Recap | Travelling Without Moving: Thai Contemporary Art Historicised by Dr David Teh

Watch the entire talk here



By Fiona Tan
Year 4, History Major

With special emphasis on the post-1990s context, David Teh’s lecture on Thai contemporary art was an enlightening overview of the history of the development of contemporary Thai art and its tenuous relationship with the nation-state, which has seen the split between the national and post-national artists. Beginning with an anecdote of artists criticizing the younger generation of post-national artists, Teh’s lecture implicitly explains the reasons for the split and what it reflects on the less-than-ideal relationship between state and contemporary art in Thailand.

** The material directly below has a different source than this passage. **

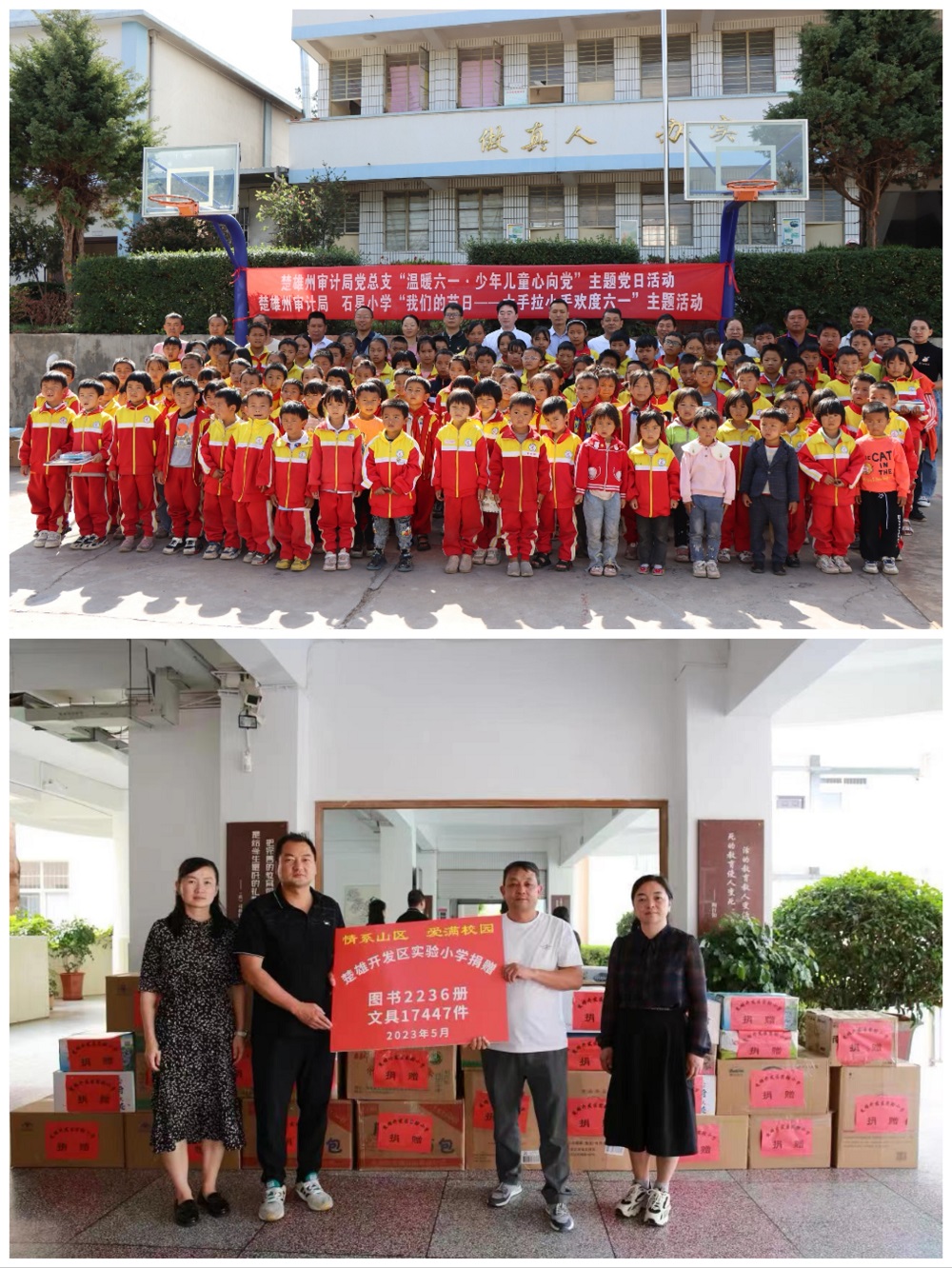 “六一”国际儿童节期间,州审计局党总支向沙桥镇石星小学114名少年儿童捐赠价值6840元的学习用品和书籍;州财政局党总支向山场小学93名在校学生捐赠价值5500余元的学习用品;州开发区实验小学向沙桥中心完小和天申堂完小捐赠图书2236册,文具17447件。

The phenomenon of post-national contemporary art such as Navinland (2011) displayed at international biennales such as the Venice Biennale has been raised by previous speakers in the Curating Nation series. However, Teh brings us back one Biennale and examines the failure of Gondola al Paradiso Co Ltd, Thailand’s Pavilion at the 53rd Venice Biennale which was pitched as an ironic statement on the exoticization of Thailand, but fell flat as one which floundered both logistically (the cargo did not arrive) and conceptually, with exhausted clichés and a general lack of curatorship. While he did not discuss Navin Rawanchaikul’s reversal of the concept in the following Biennale’s Pavillion, Teh is clearly critical of the State’s (represented here by the Culture Ministry's Office of Contemporary Art and Culture (OCAC)) attempt to co-opt contemporary art to for the nation. Indeed, in his conclusion, Teh reiterates that the State overplayed its role as the producer but underplayed its role as educator.

However, is the Thai state solely to be blamed for this predicament? As Teh himself pointed out, the ways in which Thai contemporary art has been curated also accentuates this split. For instance, he discusses the differential treatment of Manit Sriwanichpoom’s Waiting for the King and Wit Pimkanchanapong’s apolitical and futuristic installations (including Cloud) at the Asia Pacific Triennial of Contemporary Art held in Brisbane in 2009. While the former, due to its focus on the nation, was relegated to the Mekong section, the latter was placed in public places such as the foyer. The overexposure of the post-national art is thus in stark contrast with the more nichéd art based on nation-specific themes, further emphasizing the disjuncture between these two strands of artists.